This article traces who they are, what they control, and how that squares with the claim that around 25% of ministers with non‑Tamil (specifically Telugu) roots influence significant portion of Tamil Nadu’s expenditure.
M. Karunanidhi, the architect of the current DMK lineage, was born to parents from the Isai Vellalar community, a caste of temple musicians and performers. The Isai Vellalar community itself is explicitly divided into Tamil and Telugu Melakkarar linguistic sects, the latter having descended from Telugu artisans who migrated into the Thanjavur region under the Nayak and Maratha courts.
Because Karunanidhi’s family is identified in his own biographies as belonging to the Isai Vellalar/Melakkarar lineage, the Stalin family including Chief Minister M.K. Stalin and Deputy Chief Minister Udhayanidhi Stalin share that Telugu‑rooted cultural ancestry even though they are politically projected as the face of Tamil nationalism. This makes the top of the so‑called Dravidian Model government itself anchored in a historically Telugu‑derived sub‑caste embedded inside Tamil society.
Mapping The Cabinet: Telugu-Origin Ministers
Using the official council of ministers list and major biographical references, we can identify ministers with clear Telugu roots.
#1 M.K. Stalin – Chief Minister
Origin: Isai Vellalar – Telugu Melakkarar, via Karunanidhi’s family.
Constituency: Kolathur, Chennai.
Portfolios: Home, Police, Special Programme Implementation, general administration and all departments not allotted elsewhere.
Budget weight: Police alone receives over ₹12,700 crore in 2025‑26; Home and related administration add several thousand crores more in establishment costs.
As CM, Stalin exerts overarching control over cabinet decision‑making, including budget prioritisation, law‑and‑order expenditure, and sanction of major schemes.
#2 Udhayanidhi Stalin – Deputy Chief Minister
Origin: Same Isai Vellalar – Telugu Melakkarar lineage as his father.
Budget weight: Planning and Development is the nodal wing steering welfare schemes and project planning; youth and sports see rising capital allocations for stadiums and infrastructure.

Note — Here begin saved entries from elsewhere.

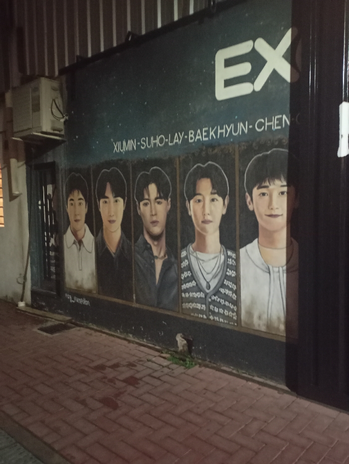 - "An exterior wall mural featuring five members of the K-pop group EXO is depicted at night in the Barrio Chino, specifically located at Arribeños 2260, Belgrano, Buenos Aires, Argentina" by FM-T7GLQ2, licensed under CC BY 4.0
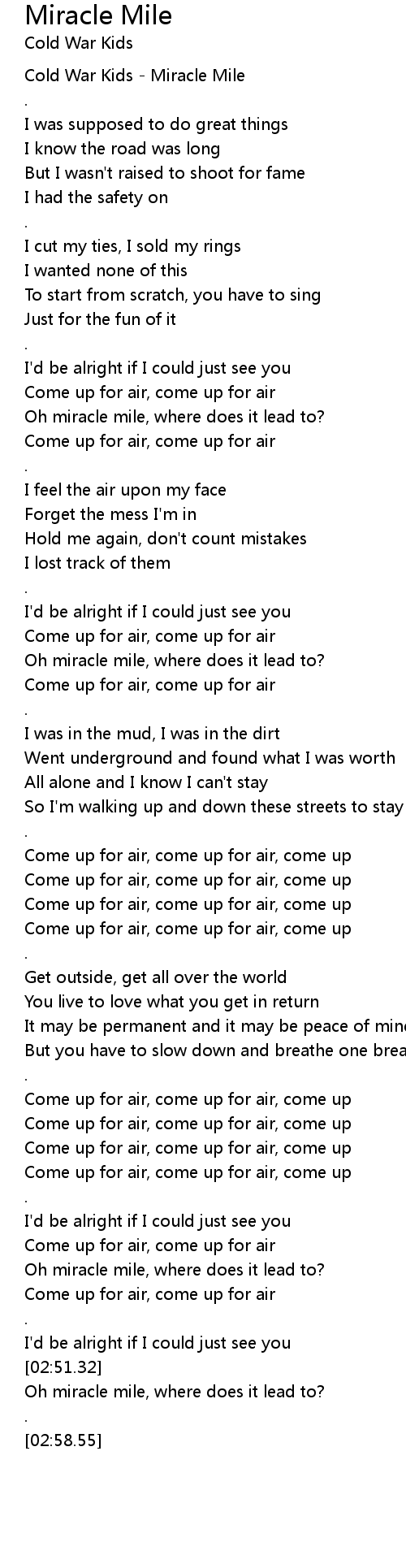 Come up for air, come up for air, come up |
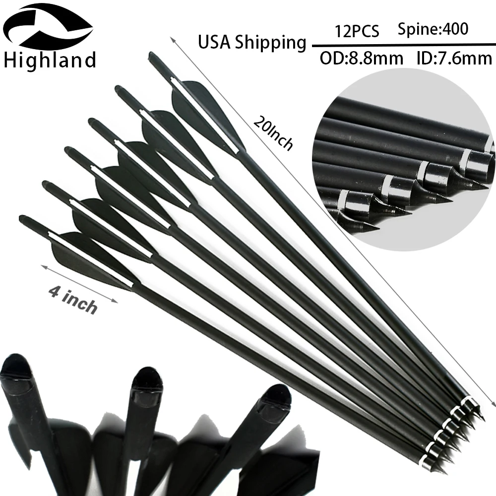 12 шт. 20 дюймов охотничьи карбоновые стрелы для стрельбы из лука 400 для арбалетные болты стрела с 4 "vanes перо и замененный наконечник для охотни...
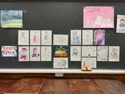 一枚に力を込めた人、何枚も描いた人、どれも素敵な作品ですので、美術室に立ち寄った際は是非見てください!
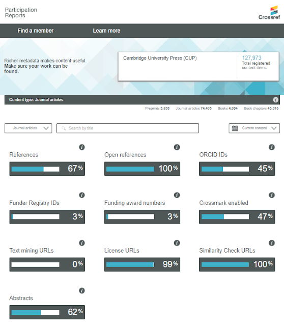 Below shows a sample Participation report for a Crossref member - Cambridge University Press (CUP)

His presence ensures a second Telugu‑origin power centre at the core of the Dravidian Model’s planning architecture.
#3 E.V. Velu – Public Works (Buildings, Highways, Minor Ports)
Origin: Telugu; his full name Ethirajulu Vajjaravelu is clearly of Andhra‑Telugu etymology, and he is widely identified as a Telugu leader from the northern belt. Reports note him belonging to the Telugu Gavara Balija community.
Constituency: Tiruvannamalai
Portfolios: Buildings, Highways, Minor Ports – essentially the roads & bridges and a large piece of the construction pipeline.
Budget weight: The transport sector’s capital outlay on roads and bridges is pegged at ₹18,456 crore in 2025‑26, within a broader transport expenditure of about ₹27,971 crore.
Velu’s Telugu base thus commands the biggest single block of capital spending in the state budget.
#4 K.N. Nehru – Municipal Administration, Urban and Water Supply
Origin: From the Reddiar community, an explicitly Telugu‑origin forward caste settled in Tamil Nadu.
Constituency: Tiruchirappalli West.
Portfolios: Municipal Administration, Urban Development, and Water Supply which cover corporations, municipalities, drinking water projects, and sewerage.
Budget weight: Urban development and water supply see a sharp rise in capital outlay; PRS notes that urban development is among the sectors with the steepest increase, and together these heads aggregate to roughly ₹13,000–14,000 crore in 2025‑26.
Nehru therefore shapes how urban Tamil Nadu’s infrastructure is financed and expanded.
#5 K.K.S.S.R. Ramachandran – Revenue and Disaster Management
Origin: Belongs to the Reddiyar community; biographical records and electoral affidavits use the suffix “Reddiyar”, again a Telugu‑origin caste.
Constituency: Aruppukottai.
Portfolios: Revenue, District Revenue Establishment, Deputy Collectors, Disaster Management.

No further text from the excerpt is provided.